Combined effect of equivalence ratio and velocity gradients on flame stability and emission formation

Premixed flames have shown to behave differently while operating under equivalence ratio or velocity gradients. This distinct behaviour can be used to improve the performance of premixed burners. The present work analysed the effect of both equivalence ratio and velocity gradients on the stability of methane premixed laminar flames. Additionally, the influence of these gradients on CO and NOx emissions was quantified. Results show that using equivalence ratio and velocity gradients can extend the stability limits of the burner. The lifting phenomenon commonly found on peripheral flames was cancelled by using higher equivalence ratios and lower flow velocities in the primary regime. Consequently, stable flames were achieved in the secondary regime for substantially leaner mixtures. However, flame extinction was eventually reached in the inner region of the burner, due to the tip opening of secondary flames. The minimum global equivalence ratio, phi(g), was extended from 0.80 to 0.65, solely by using equivalence ratio gradients.
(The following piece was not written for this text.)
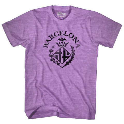 Product Story: Barcelona Vintage Soccer City Crest Adult Tri-Blend T-shirtProduct Description: Barcelona Vintage Soccer City Crest Adult Tri-Blend T-shirt Tri-Blend (Polyester, Rayon, Cotton) Buttery Smooth Soft Material Medium Weight Tee Soft Hand Print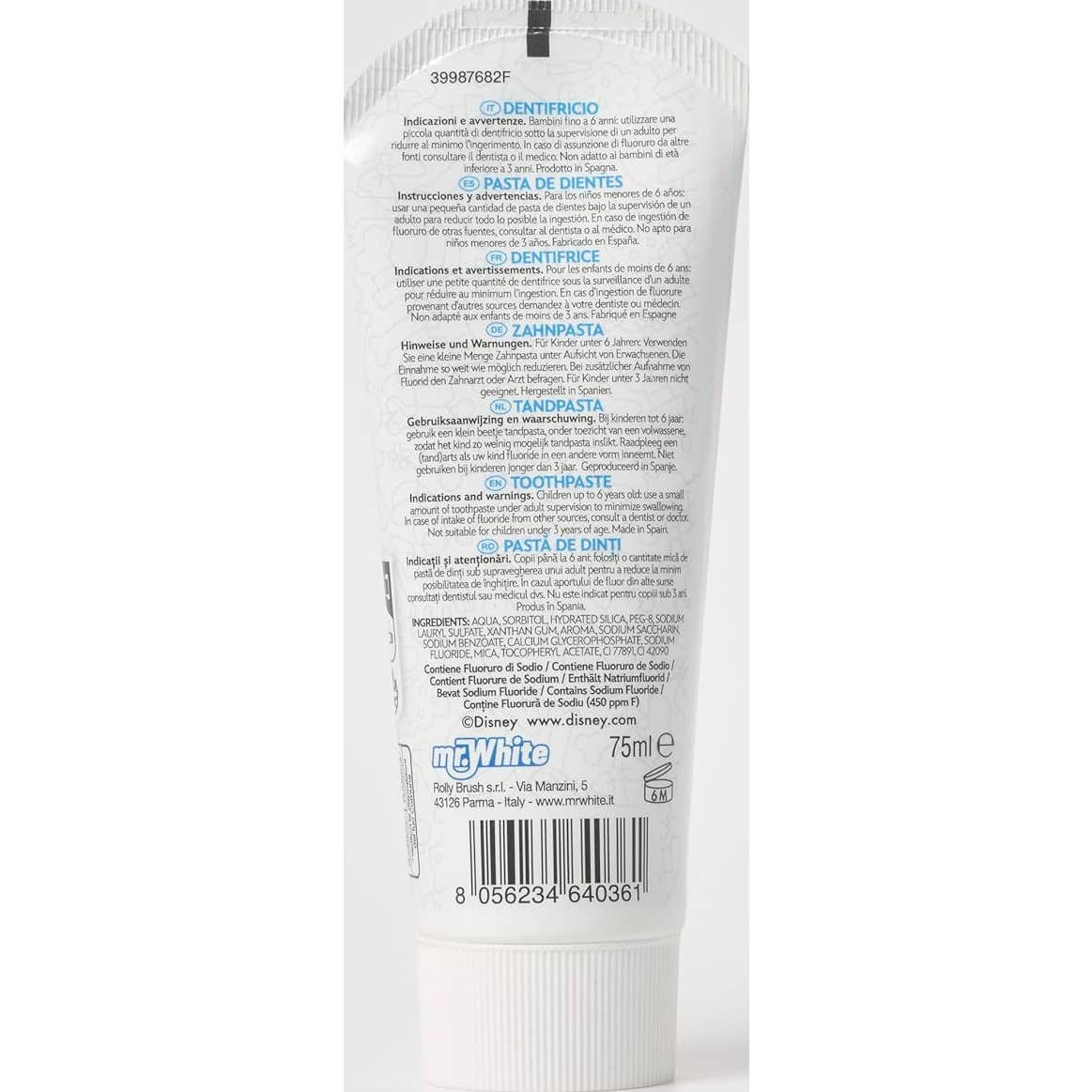 Este dentífrico presenta un diseño colorido con la temática de Mickey y sus amigos, lo que añade un toque divertido al momento del cepillado.

When combined with a velocity gradient, the latter effect was further extended up to phi(g) = 0.52. Regarding emissions, results show that different combinations of equivalence ratio and velocity gradients result in distinct NOx and CO emissions, even for the same phi(g). Under this stratified arrangement, a reduction of 43% was achieved in NOx formation, when compared with the homogeneous case. Overall, results suggest that introducing richer peripheral flames allows a higher extension of the lower stability limits, whereas leaner peripheral flames lead to lower NOx emissions.